* **What is being asked**: An exact copy is needed of the lines in the entries below from the line with "這是5月13日拍攝的山東黃河三角洲國家級自然保護(hù)區(qū)景色(無人機照片)。新華社記者 郭緒雷 攝" up to and including the line with "Durante as operações", and of nothing else. Leave the pictures out.
── Recorded data
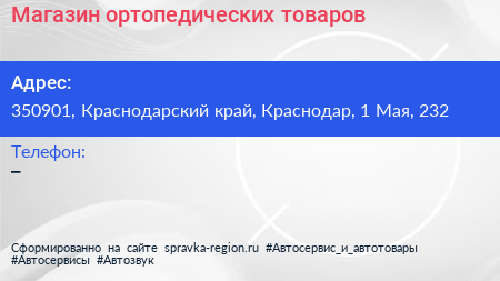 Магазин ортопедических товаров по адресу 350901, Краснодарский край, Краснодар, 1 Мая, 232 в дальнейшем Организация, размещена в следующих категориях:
────
── Recorded data
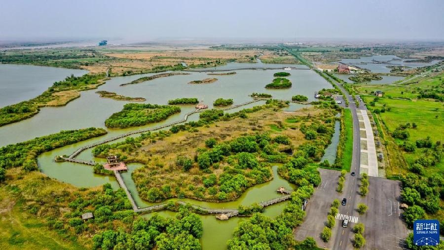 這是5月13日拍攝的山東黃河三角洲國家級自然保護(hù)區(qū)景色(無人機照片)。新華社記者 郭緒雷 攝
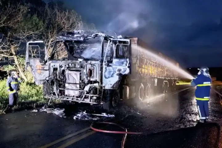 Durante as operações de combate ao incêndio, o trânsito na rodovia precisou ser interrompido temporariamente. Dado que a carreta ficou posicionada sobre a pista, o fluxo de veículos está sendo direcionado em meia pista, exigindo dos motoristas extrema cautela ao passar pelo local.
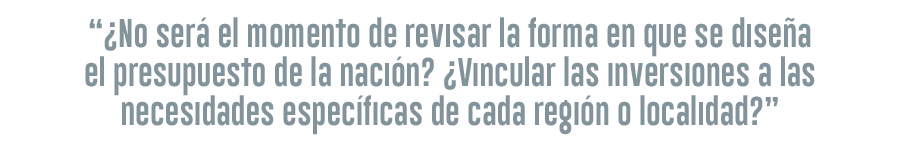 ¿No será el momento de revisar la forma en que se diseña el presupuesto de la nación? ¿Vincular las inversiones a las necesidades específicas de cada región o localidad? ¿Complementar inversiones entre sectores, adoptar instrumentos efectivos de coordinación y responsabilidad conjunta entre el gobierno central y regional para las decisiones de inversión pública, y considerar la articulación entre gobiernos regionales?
────
* **Reply**:
 這是5月13日拍攝的山東黃河三角洲國家級自然保護(hù)區(qū)景色(無人機照片)。新華社記者 郭緒雷 攝
 Durante as operações de combate ao incêndio, o trânsito na rodovia precisou ser interrompido temporariamente. Dado que a carreta ficou posicionada sobre a pista, o fluxo de veículos está sendo direcionado em meia pista, exigindo dos motoristas extrema cautela ao passar pelo local.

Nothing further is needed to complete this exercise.